次第にショコラの剣が、クロエを圧倒し始める。
だが、ショコラの体の限界も確実に近づいてきている。
常人離れした動作を求められるシンクレア流剣術は、肉体に過度の負荷をかけるために、重傷を負っている今のショコラの体がどこまで持つか分からない。
氷の刃で損傷している傷口から、とめどなく血が溢れてくる。
もう一分も持たないかも知れない。
しかし、クロエは待っている。
凄まじい剣戟の最中、クロエに隙ができることを。
そして、――そのときが来た。慣れない剣の扱いで、一瞬クロエの体勢が揺らいだ。
その一瞬が今のショコラの前では命取りになる。
研ぎ澄まされた一閃が、〈ハイブリッド・レヴォルシオン〉を弾き飛ばす。
珍しくクロエの表情が歪んだ。
ショコラは奥歯をぐっと噛み締める。
今しかない!
〈レヴォルシオン〉に刻印されたルーン文字が発光し、火炎と烈風が同時に生まれる。
聖剣を体の左側で、低く構える。
ショコラの中で最強の火炎魔術〈ブレイズ・スフィア〉と、最強の風嵐魔術〈ヴァイオレット・ストーム〉の複合術式――。

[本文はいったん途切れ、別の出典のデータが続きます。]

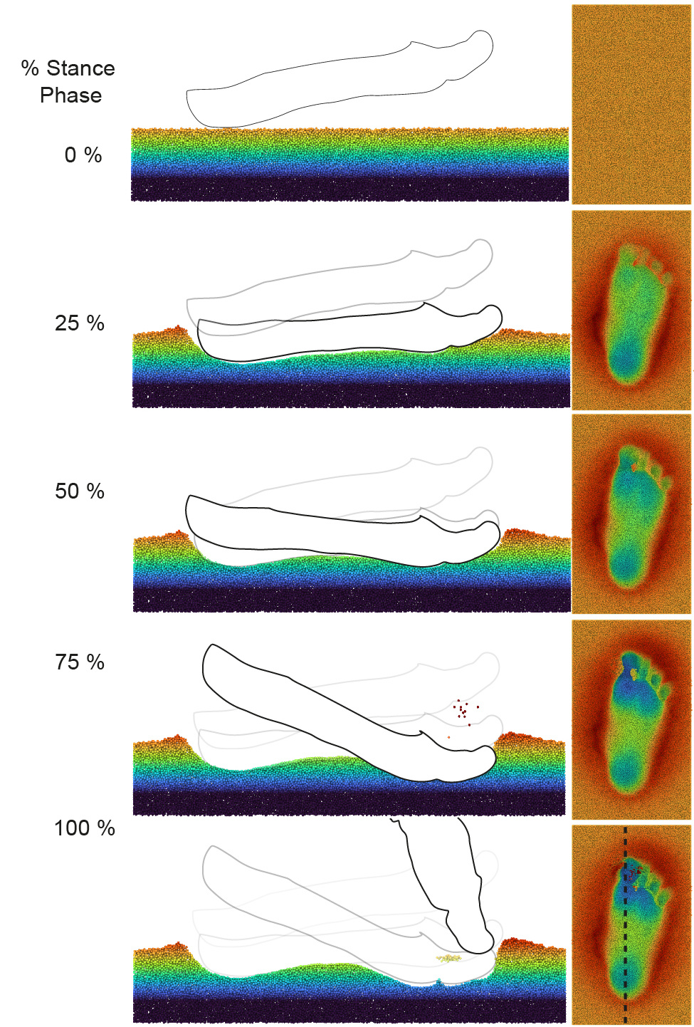 Using new virtual tools that we developed for measuring the arches of feet and footprints, we observed that footprint morphology not a good match for the anatomy of the sole of the foot, especially in deeper muds (akin to the substrates in which the Laetoli and Ileret footprints are preserved). Regardless of their arch anatomies, people produced highly arched footprints in deep muds. This negative result was, however, accompanied by an exciting positive one – when we looked “inside” substrates using particle simulations, we realized that arched footprints instead record very important signals of foot kinematics. Specifically, longitudinally-arched footprints are directly generated by the heel-sole-toe rollover pattern that is fundamental to human bipedal walking (Fig. 3).

「クロエェェェェェェエエエエエエエエエエエ――ッ!」
ショコラは逡巡することなく、〈レヴォルシオン〉を振り抜く。
「――〈ドラゴン・ラス〉!」
火炎と烈風が合わさり、巨大な焔の竜が生まれる。
その炎竜は餌を捕食しようと口を開け、熱風を撒き散らしながら、クロエを焼き尽くそうとする。
――炎上する竜が去った後、そこには誰もいなかった。
クロエを焼き切っていないことは分かる。
〈アカデミー〉へと伸びる、クロエの残留魔力を感じるからだ。
防壁魔術と魔術を打ち消す消滅魔術を駆使し、逃走に成功したようだ。
「……逃げられたか、……うっ――」
ショコラは顔をしかめ、その場に倒れ込んだ。血を流し過ぎていた。
全身のどこにも力が入らず、意識が朦朧とする。
クロエの目的はおそらく、ショコラを倒すことではなく、足止めすることだったのだ。
致命傷を負っているにも関わらず、魔力の消費の激しい術式を使ったり、体に過度の負荷をかける剣術を扱ったりするショコラは、力でねじ伏せなくとも勝手に自滅する。
正面衝突せず、受け流してしまった方が楽だと判断したのだろう。
この状況判断能力と冷静さこそが、クロエの本当の恐ろしさなのかも知れない。
ショコラはクロエとの戦闘の勝敗に固執し過ぎていたのだ。
騎士としては勝ったが、結果的には負けてしまったようなものだ。
追跡することは、体力的にもう不可能だ。
ならば、せめてビアスたちに伝えなければ。
ショコラは携帯電話を取り出そうと、〈グロリア〉の制服のポケットに手を突っ込もうとするが、右手は何度も空を切り、やがて地面に落ちた。